You see, recently, the Supreme Court ruled that certain Constitutional rights don’t cease to exist just because the accused person is a noncitizen.

The cases didn’t even involve illegal immigrants. The Latino at the center of the first decision, Jose Padilla, has lived legally in the United States for forty years.

By the way, this isn’t the same Jose Padilla who is currently locked up for supporting Al-Qaeda. But maybe there’s something sinister about the name, because this Padilla was convicted of running drugs.

His lawyer failed to tell him that he would be kicked out of the country if Padilla pled guilty, and sure enough, deportation proceedings began against him. But the Supreme Court said that Padilla’s Sixth Amendment rights, which call for adequate legal representation, had been denied. The vote was 7-2, with that lovable duo of Scalia and Thomas dissenting.

In the other case, the Court was unanimous (a rarity these days) in overturning the deportation of Jose Angel Carachuri-Rosendo, a legal resident. The guy was busted for holding a miniscule amount of pot and then, a year later, was caught with “one tablet of the anti-anxiety drug Xanax without a prescription.” The Court said maybe this was not the aggravated felony that is required to kick out a legal resident.

The cases are basically reaffirmations that Constitutional rights are not reserved solely for citizens. This might not seem like it has to be emphasized every now and then, but another news event showed that some Americans don’t believe that immigrants deserve basic human rights, let alone Constitutional ones.

On Long Island, a man named Jeffrey Conroy was recently convicted of manslaughter for stabbing an Ecuadoran immigrant to death.

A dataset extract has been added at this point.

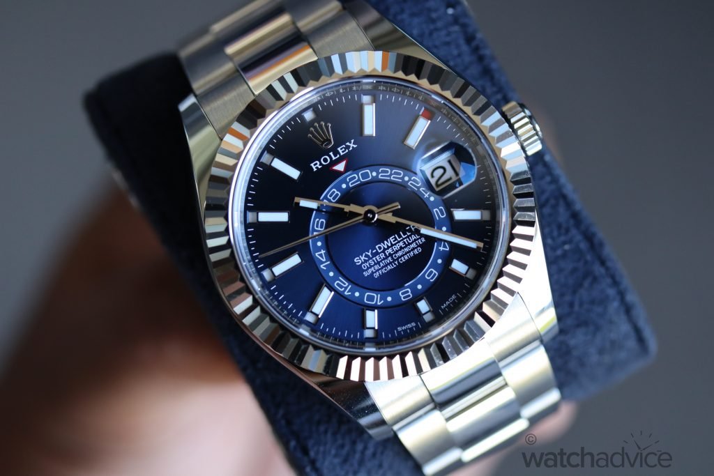The Sky-Dweller comes in a variety of metals and colour choices. It is available in stainless steel, white gold, yellow gold, and everose gold. The dials are also offered in blue, black, gold and dark rhodium tone. All bracelets and cases are made from the Rolex’s signature Oystersteel. In terms of wearability, the Sky-Dweller can be suited for almost any occasion (besides deep-diving, which Rolex has other models for). With a case diameter of 42mm and thickness of approximately 14mm, the watch is not too bulky for everyday use. The watch is designed for travellers, making it suitable for casual and business wear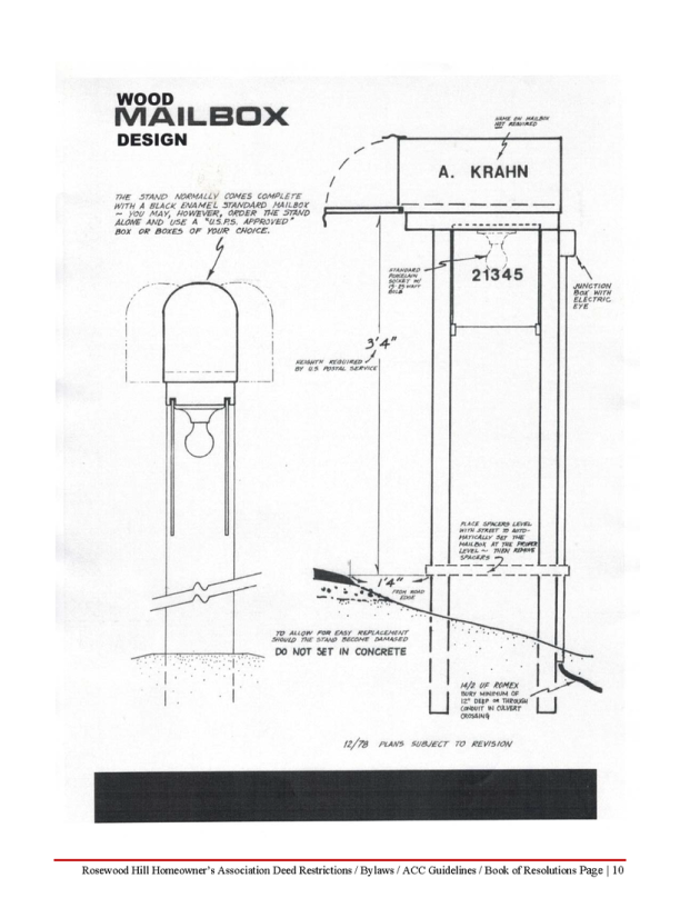 Mailboxes are required to be uniform in design as approved by the ACC and may be constructed of wood, brick or stone. All mailboxes must have a lighted address on both sides. The ACC has adopted the standard mailbox below that may be installed without approval, but ANY deviation from this design must receive ACC approval prior to install. Follow the instructions below the image.

According to prosecutors, Conroy was part of a gang that “targeted Latinos for assaults – part of a sport they called ‘beaner-hopping.’ ”

The fact that Conroy wasn’t convicted of murder is intriguing, as one must wonder if the lesser charge of manslaughter would have even been an option if he had stabbed, say, a white woman to death. But of course, Conroy and his thugs had no interest in attacking their fellow whites.

He was part of what the Southern Poverty Law Center calls “a pattern of ethnic intolerance going back ten years” on Long Island. The Center adds that Latinos there live “in an environment of intolerance and violence directed at them. The atmosphere of intolerance was stoked in part by anti-immigrant groups and some county leaders, along with an indifferent police department.”

These events show that it will be some time before certain Americans agree that Hispanics have a right to live among them. And it will be even longer before a few others agree that Hispanics have a right to live at all.